=== What the exercise asks ===
Below are entries with pictures among them; reproduce exactly, and only, the lines from the one containing "This pack of" down to the one containing "El adelanto de", without the pictures.

=== Information given ===

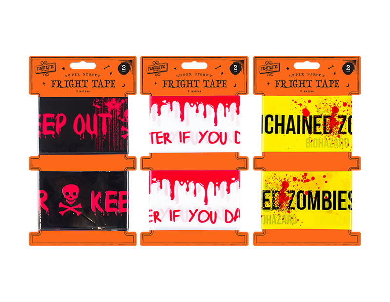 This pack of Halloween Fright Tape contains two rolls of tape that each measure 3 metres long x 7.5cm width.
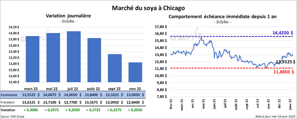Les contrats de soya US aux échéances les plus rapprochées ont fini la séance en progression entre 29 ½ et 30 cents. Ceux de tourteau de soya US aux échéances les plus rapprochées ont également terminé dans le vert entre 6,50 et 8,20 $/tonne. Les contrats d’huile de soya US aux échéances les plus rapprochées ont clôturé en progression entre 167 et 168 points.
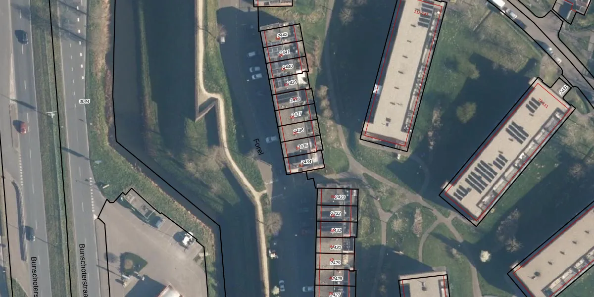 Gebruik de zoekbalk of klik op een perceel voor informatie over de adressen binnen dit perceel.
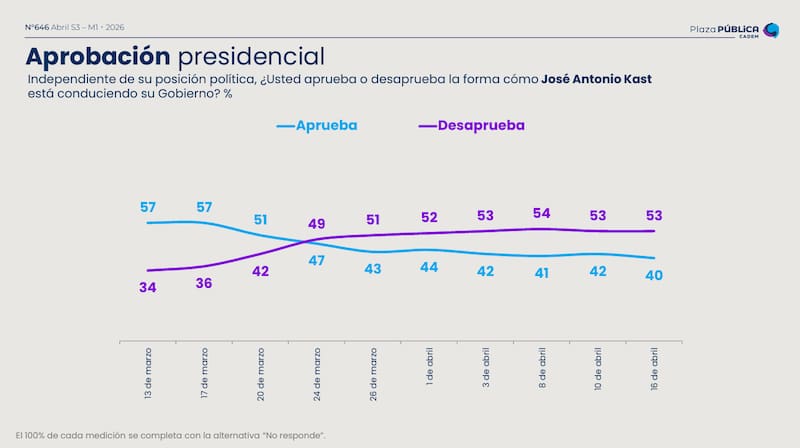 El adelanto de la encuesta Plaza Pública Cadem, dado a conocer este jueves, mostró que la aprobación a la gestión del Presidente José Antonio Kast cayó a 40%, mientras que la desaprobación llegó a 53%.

* * *

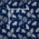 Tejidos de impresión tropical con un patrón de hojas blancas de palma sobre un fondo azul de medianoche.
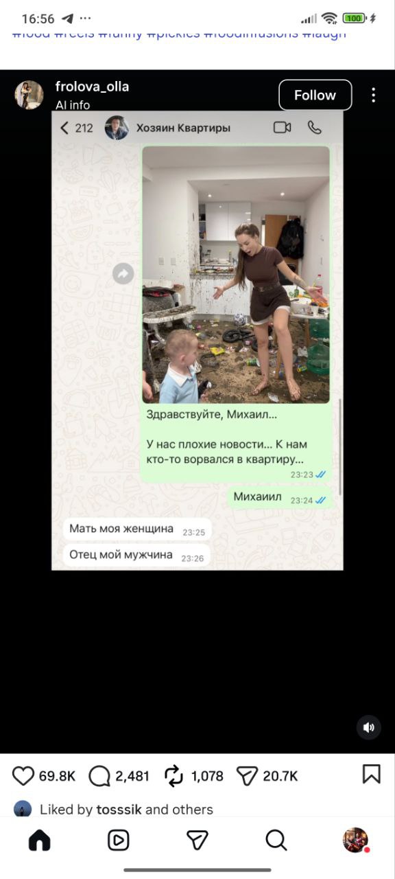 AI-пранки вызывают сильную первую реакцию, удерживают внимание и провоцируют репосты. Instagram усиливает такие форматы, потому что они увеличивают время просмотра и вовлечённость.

---

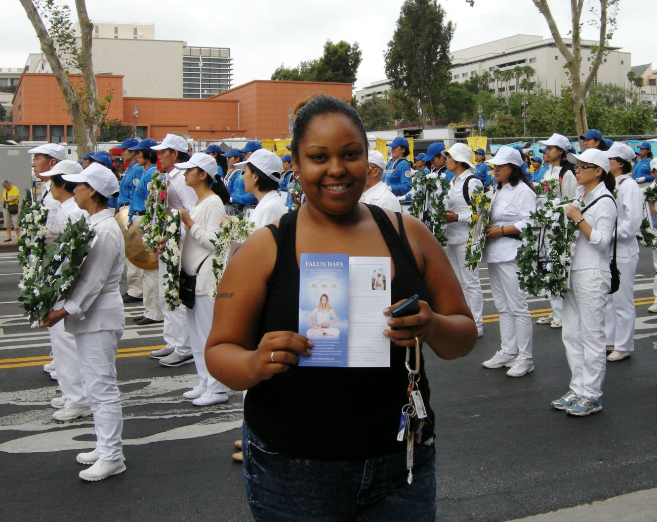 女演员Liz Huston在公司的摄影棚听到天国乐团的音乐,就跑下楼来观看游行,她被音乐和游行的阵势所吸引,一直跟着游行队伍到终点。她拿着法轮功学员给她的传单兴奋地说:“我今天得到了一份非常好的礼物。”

=== Written solution ===
 This pack of Halloween Fright Tape contains two rolls of tape that each measure 3 metres long x 7.5cm width.
Les contrats de soya US aux échéances les plus rapprochées ont fini la séance en progression entre 29 ½ et 30 cents. Ceux de tourteau de soya US aux échéances les plus rapprochées ont également terminé dans le vert entre 6,50 et 8,20 $/tonne. Les contrats d’huile de soya US aux échéances les plus rapprochées ont clôturé en progression entre 167 et 168 points.
 Gebruik de zoekbalk of klik op een perceel voor informatie over de adressen binnen dit perceel.
 El adelanto de la encuesta Plaza Pública Cadem, dado a conocer este jueves, mostró que la aprobación a la gestión del Presidente José Antonio Kast cayó a 40%, mientras que la desaprobación llegó a 53%.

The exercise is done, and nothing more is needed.